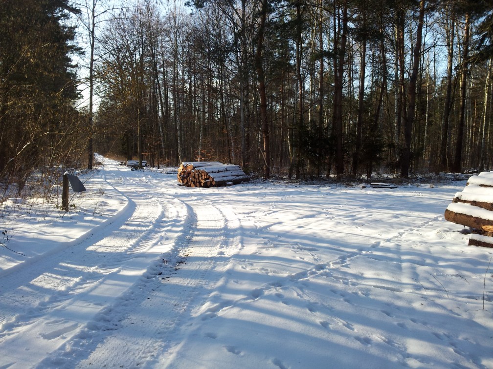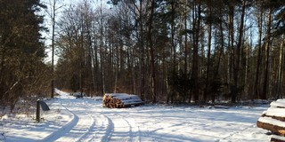 Wymyślanie tras dobiega końca. Oto pocztówka z trasy rowerowej, zrobiona wczoraj tuż przed wieczorem. Po lasach biega się na razie bajecznie: wszędzie około 5 cm śniegu i nie jest mokro. Na polach uprawnych można spotkać stada saren i żurawi na wspólnych kolacjach.
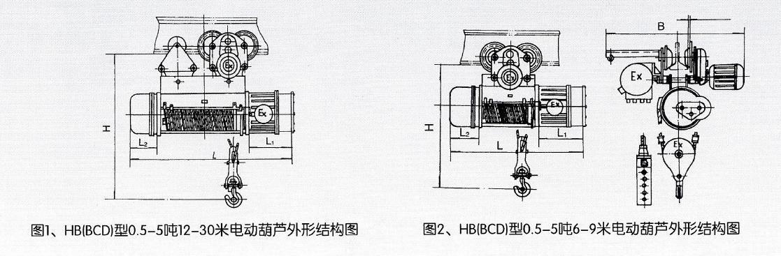 二、HB型防爆鋼絲繩電動葫蘆適用于工廠內(nèi)具有防爆級別不高于B級或C級,引燃溫度組別不低于T4(135℃ )組的可燃性氣體、蒸汽與空氣形成的爆炸性氣體環(huán)境中,所適用的危險區(qū)域?yàn)?區(qū)或2區(qū),不適用于0區(qū)。
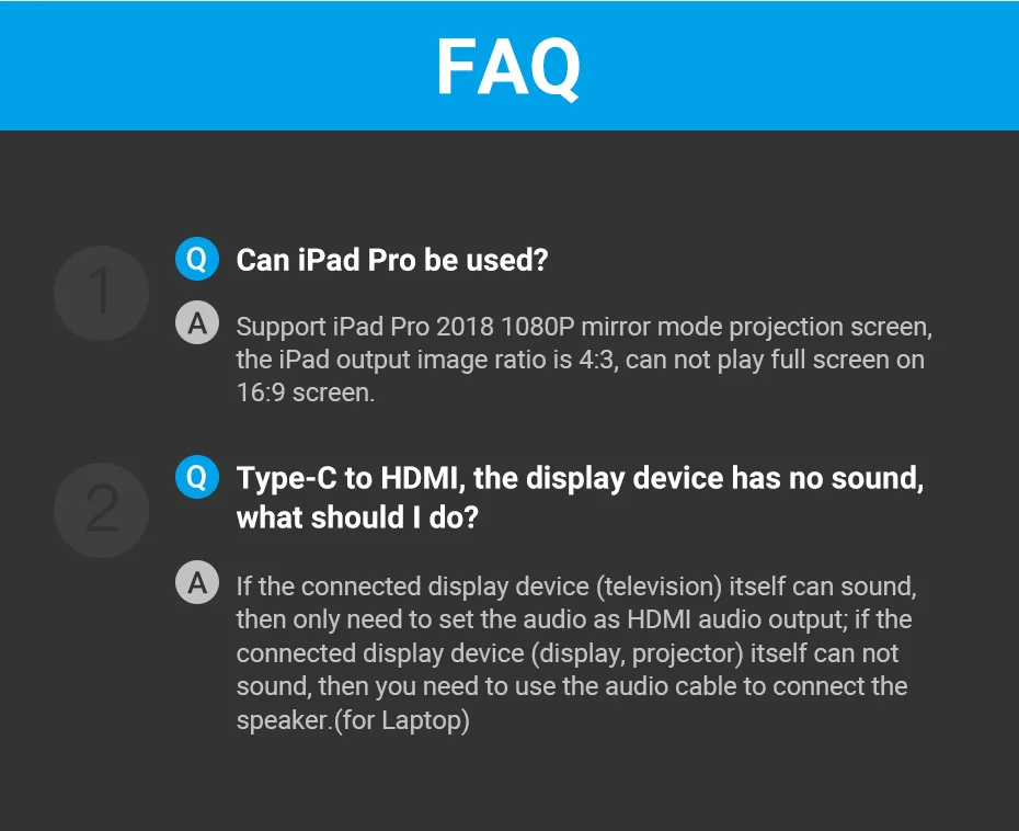 R: Compatible con la pantalla de proyección del modo espejo iPad Pro 2018 1080P, la relación de imagen de salida del iPad es 4:3, no se puede reproducir a pantalla completa en Pantalla 16:9.

- _Work order_:
What is needed is a word-for-word copy of the data above, free of any images.

- _Response to the task_:
 Wymyślanie tras dobiega końca. Oto pocztówka z trasy rowerowej, zrobiona wczoraj tuż przed wieczorem. Po lasach biega się na razie bajecznie: wszędzie około 5 cm śniegu i nie jest mokro. Na polach uprawnych można spotkać stada saren i żurawi na wspólnych kolacjach.
 二、HB型防爆鋼絲繩電動葫蘆適用于工廠內(nèi)具有防爆級別不高于B級或C級,引燃溫度組別不低于T4(135℃ )組的可燃性氣體、蒸汽與空氣形成的爆炸性氣體環(huán)境中,所適用的危險區(qū)域?yàn)?區(qū)或2區(qū),不適用于0區(qū)。
 R: Compatible con la pantalla de proyección del modo espejo iPad Pro 2018 1080P, la relación de imagen de salida del iPad es 4:3, no se puede reproducir a pantalla completa en Pantalla 16:9.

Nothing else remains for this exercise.